Parameterized Runtime Analyses of Evolutionary Algorithms for the Euclidean Traveling Salesperson Problem
This work provides theoretical insights for researchers in evolutionary computation and parameterized analysis, but it is incremental as it builds on existing runtime analysis methods for a specific optimization problem.
The paper tackles the Euclidean Traveling Salesperson Problem by analyzing how structural properties like the number of inner points affect the runtime of evolutionary algorithms, resulting in an expected runtime bound of O((μ/λ) · n^3γ(ε) + nγ(ε) + (μ/λ) · n^{4k}(2k-1)!) and improving it to O((μ/λ) · n^3γ(ε) + nγ(ε) + (μ/λ) · n^{2k}(k-1)!) with a mixed mutation strategy.
Parameterized runtime analysis seeks to understand the influence of problem structure on algorithmic runtime.
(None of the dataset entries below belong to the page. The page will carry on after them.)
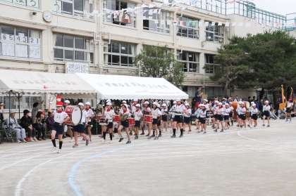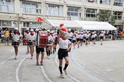 【入場・はじめの運動】鼓笛係の演奏で運動会が始まります。鼓笛係は、この日のために練習を積んできました。はじめの運動は昨年から新しい体操となりました。リズムに合わせて、心と体の準備をしました。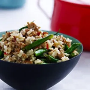Hjemmelavet thaikrydret svinekød med jasminris, økologisk hakket svinekød og hvidløg
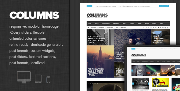 Created : 20 August 13 , Last Update : 20 August 13 , Columns : 4+ , Compatible Browsers : IE8, IE9, IE10, Firefox, Safari, Opera, Chrome , Software Version : WordPress 3.6, WordPress 3.5 , Documentation : Well Documented , Lay...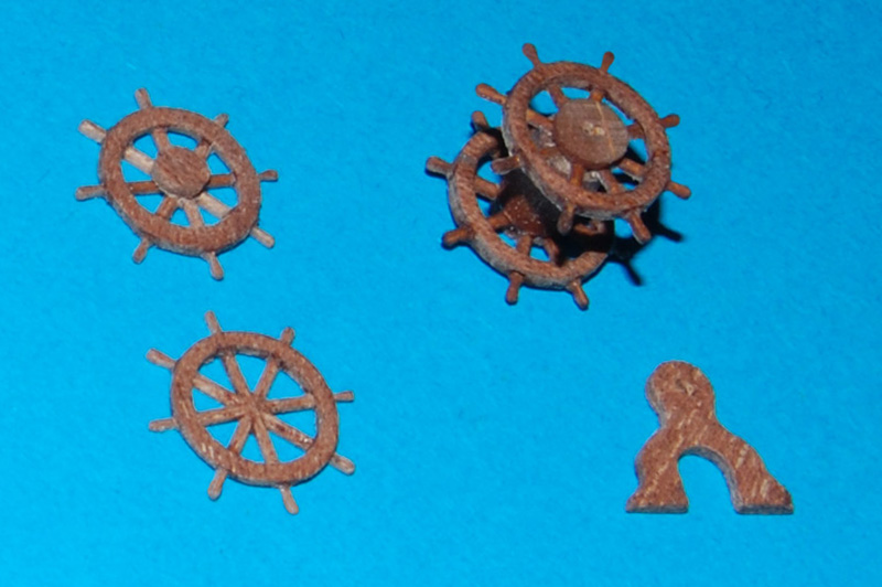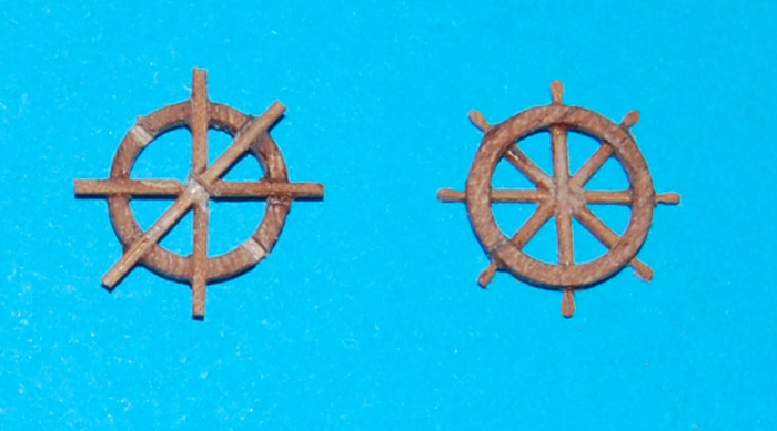 z lewej "kolka" sterowe z zestawu, za duze, toporne i majace osiem szprych (zamiast dziesieciu), z prawej moja wersja tego podwojnego kola sterowego.

In this paper, we contribute to the theoretical understanding of evolutionary algorithms and carry out a parameterized analysis of evolutionary algorithms for the Euclidean traveling salesperson problem (Euclidean TSP). We investigate the structural properties in TSP instances that influence the optimization process of evolutionary algorithms and use this information to bound the runtime of simple evolutionary algorithms. Our analysis studies the runtime in dependence of the number of inner points $k$ and shows that $(μ+ λ)$ evolutionary algorithms solve the Euclidean TSP in expected time $O((μ/λ) \cdot n^3γ(ε) + nγ(ε) + (μ/λ) \cdot n^{4k}(2k-1)!)$ where $γ$ is a function of the minimum angle $ε$ between any three points. Finally, our analysis provides insights into designing a mutation operator that improves the upper bound on expected runtime. We show that a mixed mutation strategy that incorporates both 2-opt moves and permutation jumps results in an upper bound of $O((μ/λ) \cdot n^3γ(ε) + nγ(ε) + (μ/λ) \cdot n^{2k}(k-1)!)$ for the $(μ+λ)$ EA.